New Automated Warehouse Hit with Technical Hiccups

Warehouse operator Americold confirmed this week it has begun operations at a massive new distribution center in Plainville which will be used by ADUSA Supply Chain. ADUSA's parent company Ahold Delhaize owns Stop & Shop, as well as four other major chains in Hannaford, The Giant Co., Giant and Food Lion.

Last week, however, Americold executives said they do not expect the Plainville warehouse to hit full throughput until the back half of 2025, as they work to iron out unspecified technical hiccups with the automated facility and another in Lancaster, Pa. Combined, the two facilities will distribute to 750 Ahold Delhaize stores in the Northeast and Mid-Atlantic regions.

"The work being done inside these facilities is individual, case-pick selection, which is being completed by our automation systems," said Rob Chambers, Americold president, speaking last Thursday on a conference call. "This is a high level of complexity which is taking some additional time to achieve our desired service level."

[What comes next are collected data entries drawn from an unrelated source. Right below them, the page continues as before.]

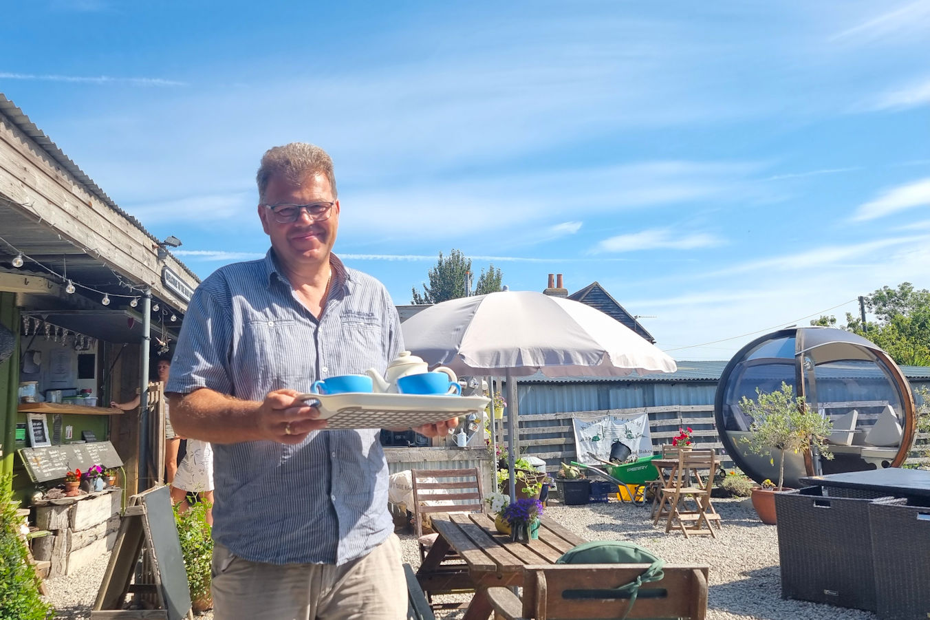 Ulli hält eine kleines Schwätzchen mit einer ältern Dame, die vor ihr an der Reihe ist und mit der Bedienung und entscheidet sich für einen Pott English Breakfast Tea und 2 Stücke Nusskuchen.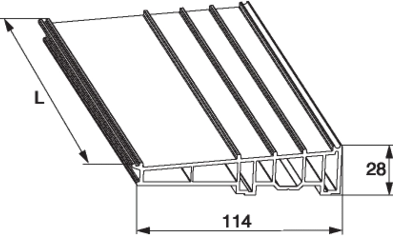 Zwischenprofil in PVC mit Einhängenut Rehau Synego B=112mm 79/32 L=1.500mm silber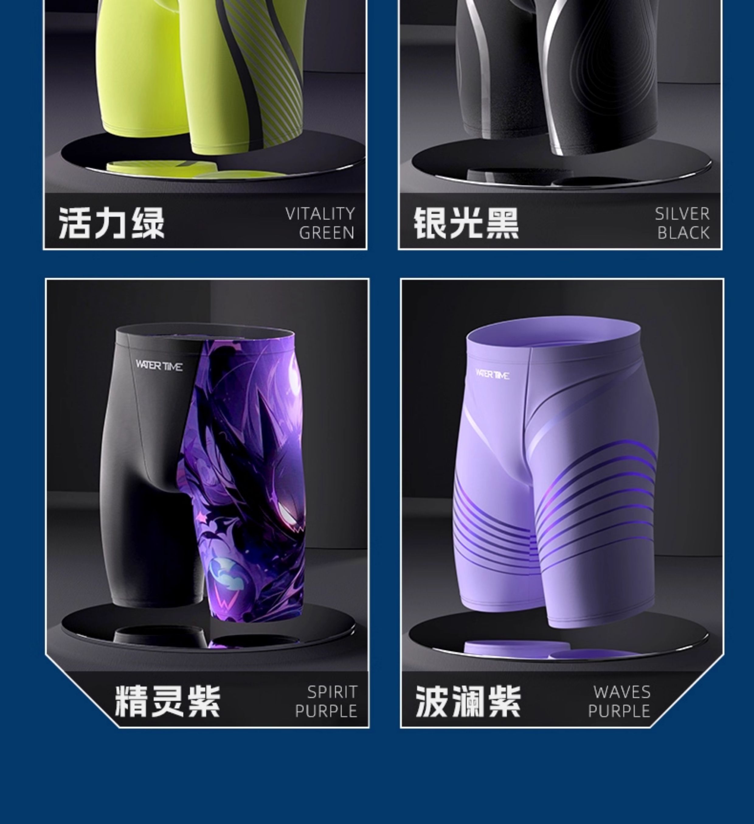 Watertime Men's Professional Racing Swim Trunks, Knee-Length, Quick-Drying, High-Elasticity, Anti-Embarrassment, 2025 New Model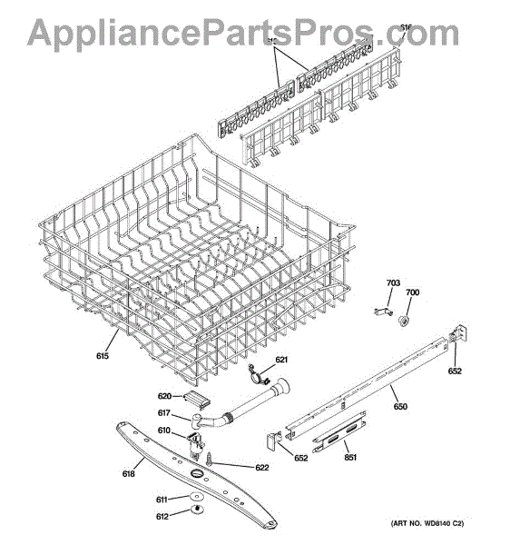 This part is an upper dishrack assembly for dishwashers. The purpose of this part is to hold dishes and cookware during the washing process. There are two dish racks per unit, and this particular dishrack goes on the top of the unit. The lower dishrack assembly is sold separately. Over time, the upper dishrack assembly may rust due to the coating breaking down and water corroding the metal. If this happens, the dishrack assembly will become brittle and less structurally sound and will need to be replaced. If the attached rails have broken and will not attach to the sides of the dishwasher and slide appropriately, this part may need to be replaced.This upper dishrack assembly is compatible with dishwashers that are manufactured by the GE and Whirlpool brands. This particular component is an OEM part that is sourced directly from the manufacturer and is sold individually.

More time is needed as well to properly integrate the new warehouse into the operations of ADUSA, Chambers added, without delving into details. Americold did not offer further details to queries on the Plainville facility.

An ADUSA spokesperson responded Wednesday morning, describing the facility as still "in development" in an email.

"ADUSA Distribution uses a combination of self-distributed and third-party warehouses to serve Stop & Shop stores in the Connecticut market," stated ADUSA spokesperson Dewaters. "When appropriate, the Plainville site will be added to the distribution network, bringing increased capacity. Where needed, there will be a seamless transition of services between warehouses, and we do not expect any disruption to service levels for Stop & Shop."

Americold has reported investing $325 million in development capital across the two facilities, and that ADUSA has committed to using the warehouses for an initial term of 20 years. Americold assigned a $155 million value to the Plainville warehouse in a 2023 filing with the U.S. Securities & Exchange Commission, with the state of Connecticut approving $4.5 million in tax credits associated with the project under a pair of incentive programs.

Robotic 'waterfalls'

Located a few miles north of Interstate 84, the Plainville location is the first newly constructed warehouse in New England announced by Americold since 2018. The company opened a facility that year in Middleborough, Mass., designed to flash freeze nearly 40,000 tons of cranberries at a time that end up in Ocean Spray Craisins.

The Americold building in Plainville stands 130 feet tall and spans more than 230,000 square feet, powered by fuel cells from Bloom Energy that produce electricity through a chemical process rather than drawing on the grid.

The facility has more than 30,000 pallet slots on two levels according to Primus, a Georgia company which helped design some of the sophisticated automation systems inside. Those include robotics that grab orders and steer them through "waterfall" and conveyor systems, and ultimately onto trailers for delivery to retail stores.

Dewaters did not address any specific impact on other warehouses used by Stop & Shop for perishable products, stating only that the company expects the new facility to add inventory capacity.

After ADUSA opened a modern new distribution center for non-perishable goods in Manchester in 2021, C&S Wholesale Grocers closed one in Suffield that had supplied area Stop & Shop supermarkets. While that came at a cost of 175 C&S jobs, Ahold Delhaize projected at the time that the new Manchester warehouse would support about 500 jobs.